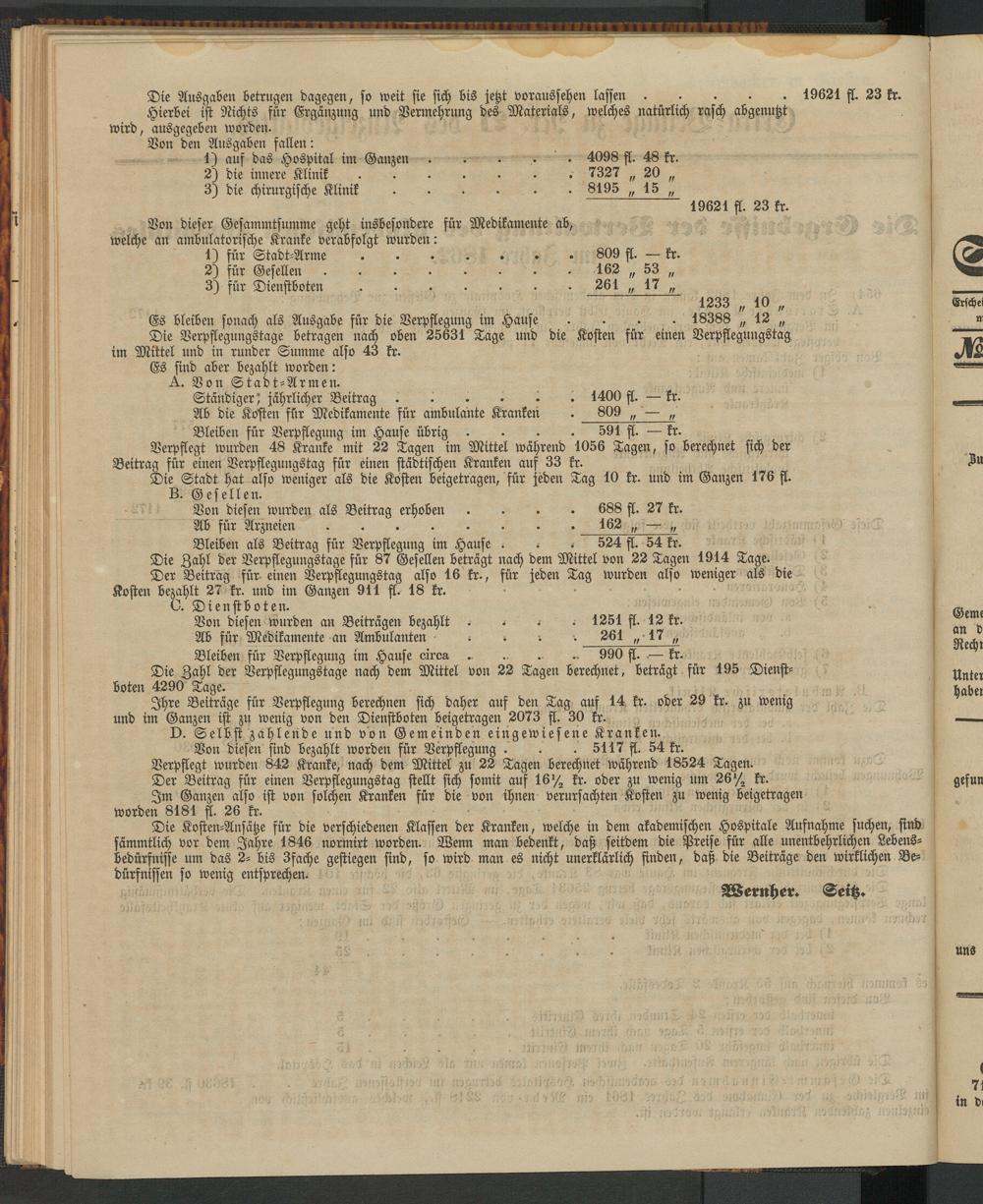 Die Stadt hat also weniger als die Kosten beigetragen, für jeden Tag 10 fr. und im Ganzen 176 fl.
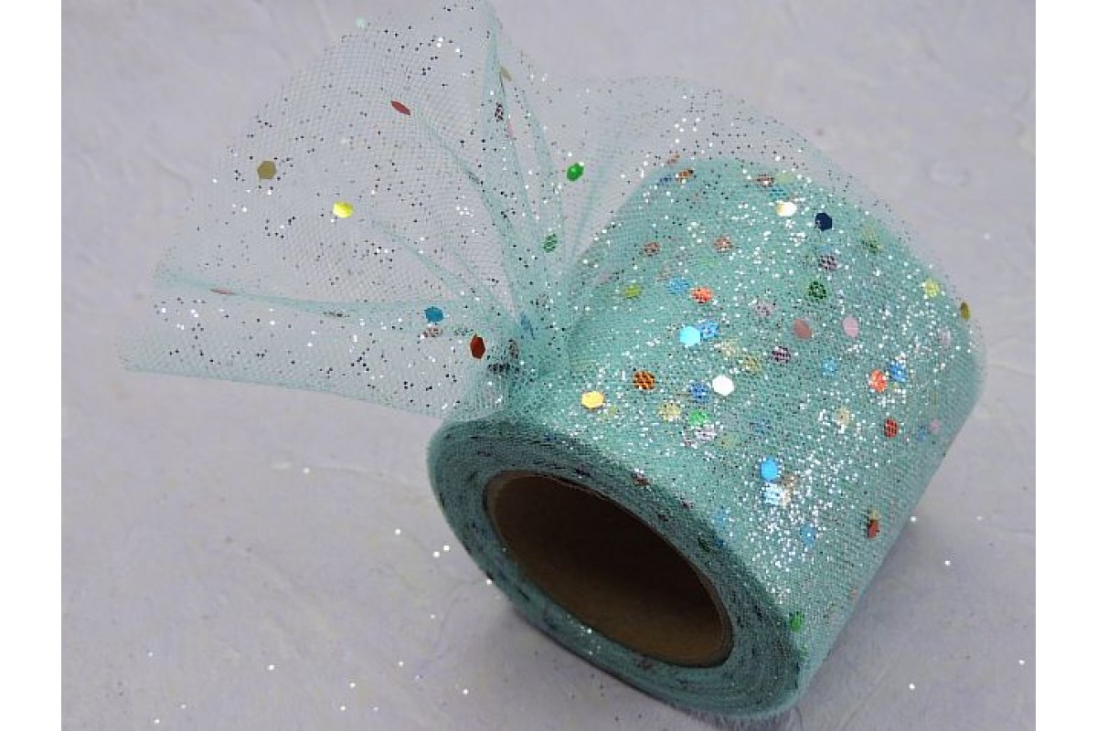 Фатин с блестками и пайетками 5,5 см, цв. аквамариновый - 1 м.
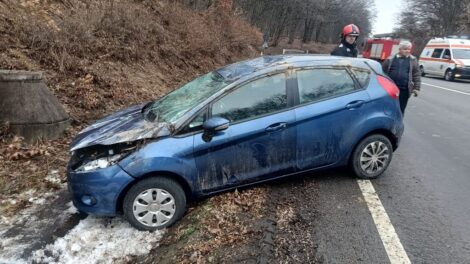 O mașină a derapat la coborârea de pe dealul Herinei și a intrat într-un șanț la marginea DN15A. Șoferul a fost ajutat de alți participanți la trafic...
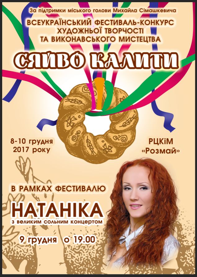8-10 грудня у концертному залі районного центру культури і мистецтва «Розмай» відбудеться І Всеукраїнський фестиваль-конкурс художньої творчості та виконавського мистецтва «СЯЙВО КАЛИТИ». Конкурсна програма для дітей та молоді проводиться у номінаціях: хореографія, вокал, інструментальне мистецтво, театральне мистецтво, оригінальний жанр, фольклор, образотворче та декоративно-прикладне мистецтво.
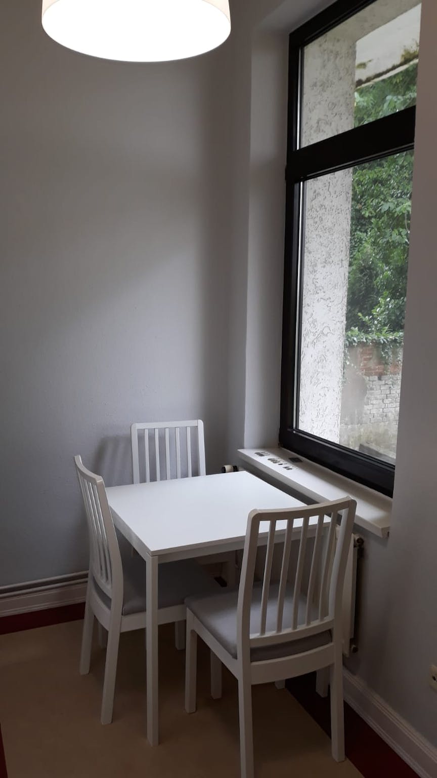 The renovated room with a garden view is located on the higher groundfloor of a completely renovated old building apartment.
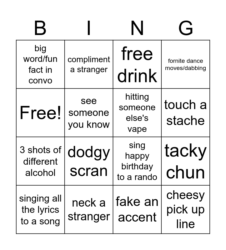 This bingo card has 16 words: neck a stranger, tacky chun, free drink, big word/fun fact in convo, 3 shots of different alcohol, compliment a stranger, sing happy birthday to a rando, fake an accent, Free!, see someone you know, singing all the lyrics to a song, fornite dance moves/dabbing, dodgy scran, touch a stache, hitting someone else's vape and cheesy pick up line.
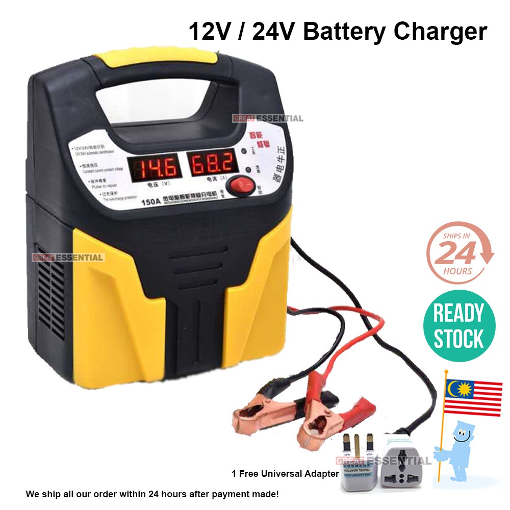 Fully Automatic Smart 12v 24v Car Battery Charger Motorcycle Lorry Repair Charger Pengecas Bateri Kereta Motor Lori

==

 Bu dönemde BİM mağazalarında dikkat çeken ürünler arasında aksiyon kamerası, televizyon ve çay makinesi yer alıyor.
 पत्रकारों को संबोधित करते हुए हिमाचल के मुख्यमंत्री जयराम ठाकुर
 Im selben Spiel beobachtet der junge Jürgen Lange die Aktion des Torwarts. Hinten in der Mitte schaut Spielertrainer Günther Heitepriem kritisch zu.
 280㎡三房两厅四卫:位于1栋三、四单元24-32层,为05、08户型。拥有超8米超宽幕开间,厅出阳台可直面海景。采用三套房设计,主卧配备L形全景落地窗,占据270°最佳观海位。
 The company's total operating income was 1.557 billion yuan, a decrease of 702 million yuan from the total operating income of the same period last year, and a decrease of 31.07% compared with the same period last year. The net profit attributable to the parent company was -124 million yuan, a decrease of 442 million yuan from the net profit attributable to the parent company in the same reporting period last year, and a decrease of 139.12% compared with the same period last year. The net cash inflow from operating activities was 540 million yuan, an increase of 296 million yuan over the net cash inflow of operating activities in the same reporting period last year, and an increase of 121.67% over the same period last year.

--

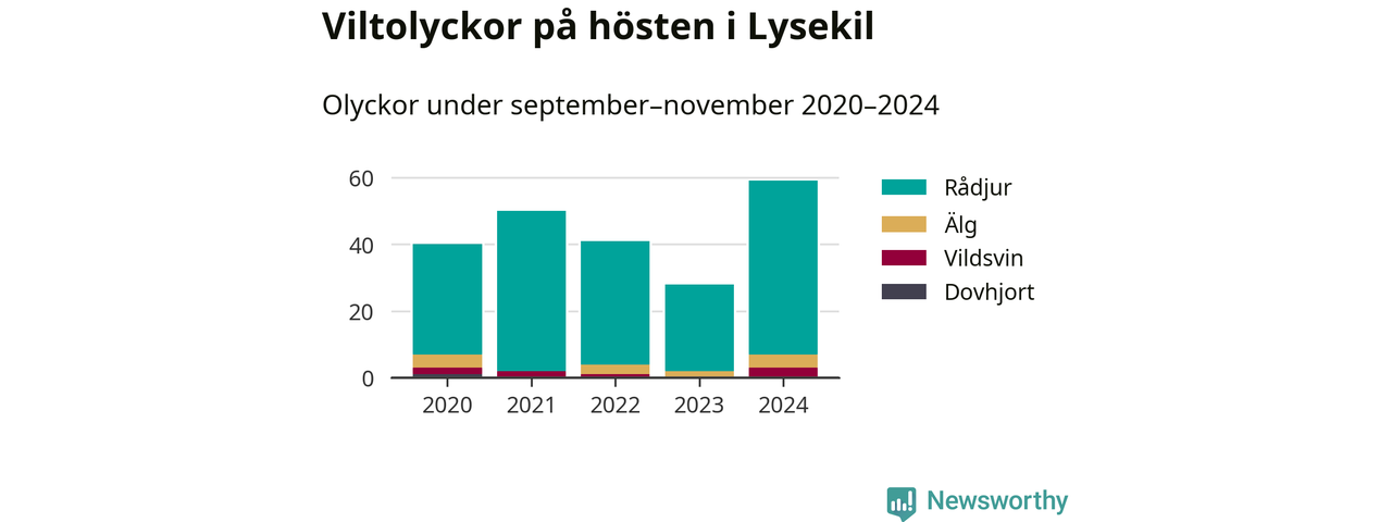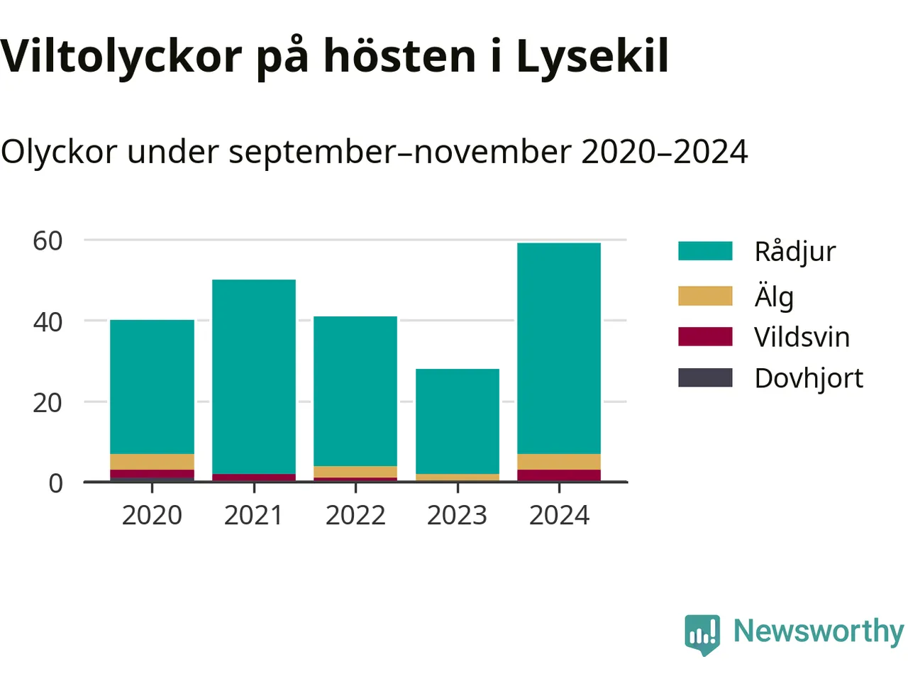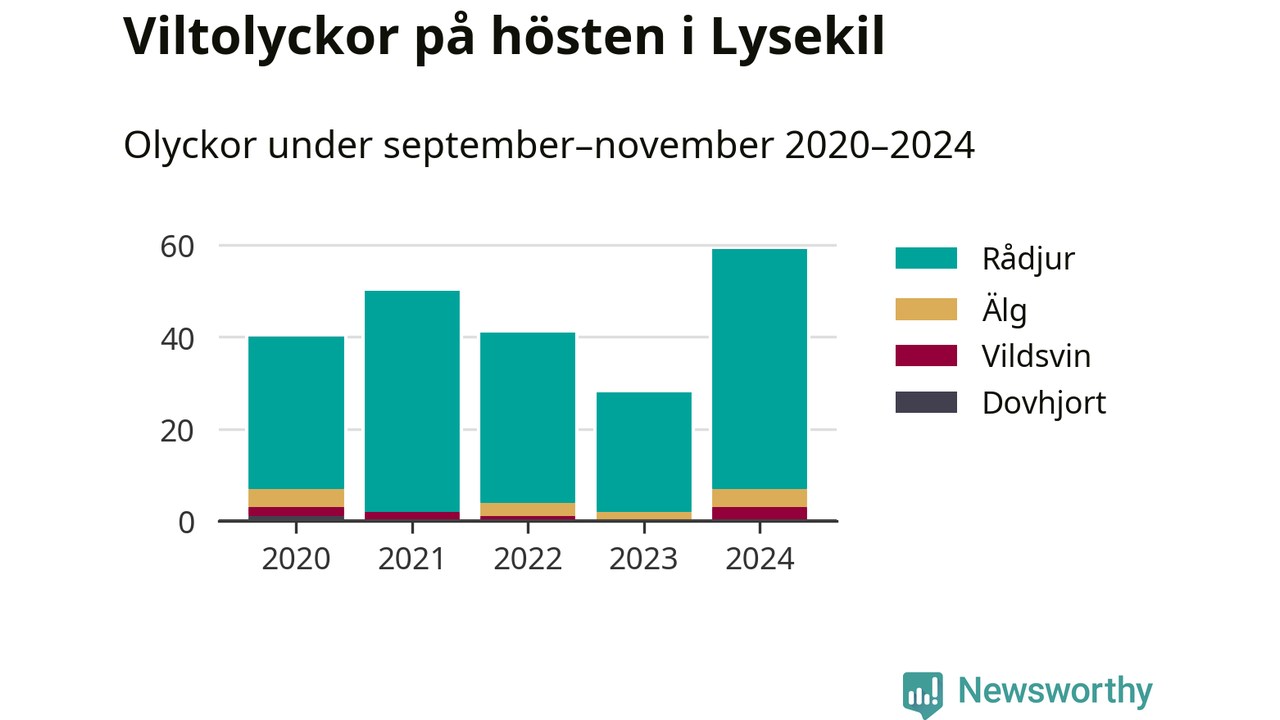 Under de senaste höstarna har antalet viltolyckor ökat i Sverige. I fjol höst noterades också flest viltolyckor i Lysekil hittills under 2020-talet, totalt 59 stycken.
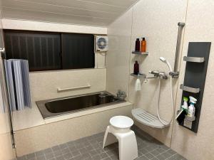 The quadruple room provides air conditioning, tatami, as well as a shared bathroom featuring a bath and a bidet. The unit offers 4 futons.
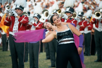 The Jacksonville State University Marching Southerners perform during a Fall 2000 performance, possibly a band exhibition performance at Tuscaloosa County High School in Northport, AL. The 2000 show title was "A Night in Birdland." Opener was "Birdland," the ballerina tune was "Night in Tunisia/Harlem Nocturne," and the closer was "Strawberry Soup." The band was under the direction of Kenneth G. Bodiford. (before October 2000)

Directions: Starting at the line above that contains "Фатин с блестками", transcribe every line exactly through the line that contains "The renovated room", including that last one, and skip the pictures.

Response:
 Фатин с блестками и пайетками 5,5 см, цв. аквамариновый - 1 м.
 O mașină a derapat la coborârea de pe dealul Herinei și a intrat într-un șanț la marginea DN15A. Șoferul a fost ajutat de alți participanți la trafic...
8-10 грудня у концертному залі районного центру культури і мистецтва «Розмай» відбудеться І Всеукраїнський фестиваль-конкурс художньої творчості та виконавського мистецтва «СЯЙВО КАЛИТИ». Конкурсна програма для дітей та молоді проводиться у номінаціях: хореографія, вокал, інструментальне мистецтво, театральне мистецтво, оригінальний жанр, фольклор, образотворче та декоративно-прикладне мистецтво.
 The renovated room with a garden view is located on the higher groundfloor of a completely renovated old building apartment.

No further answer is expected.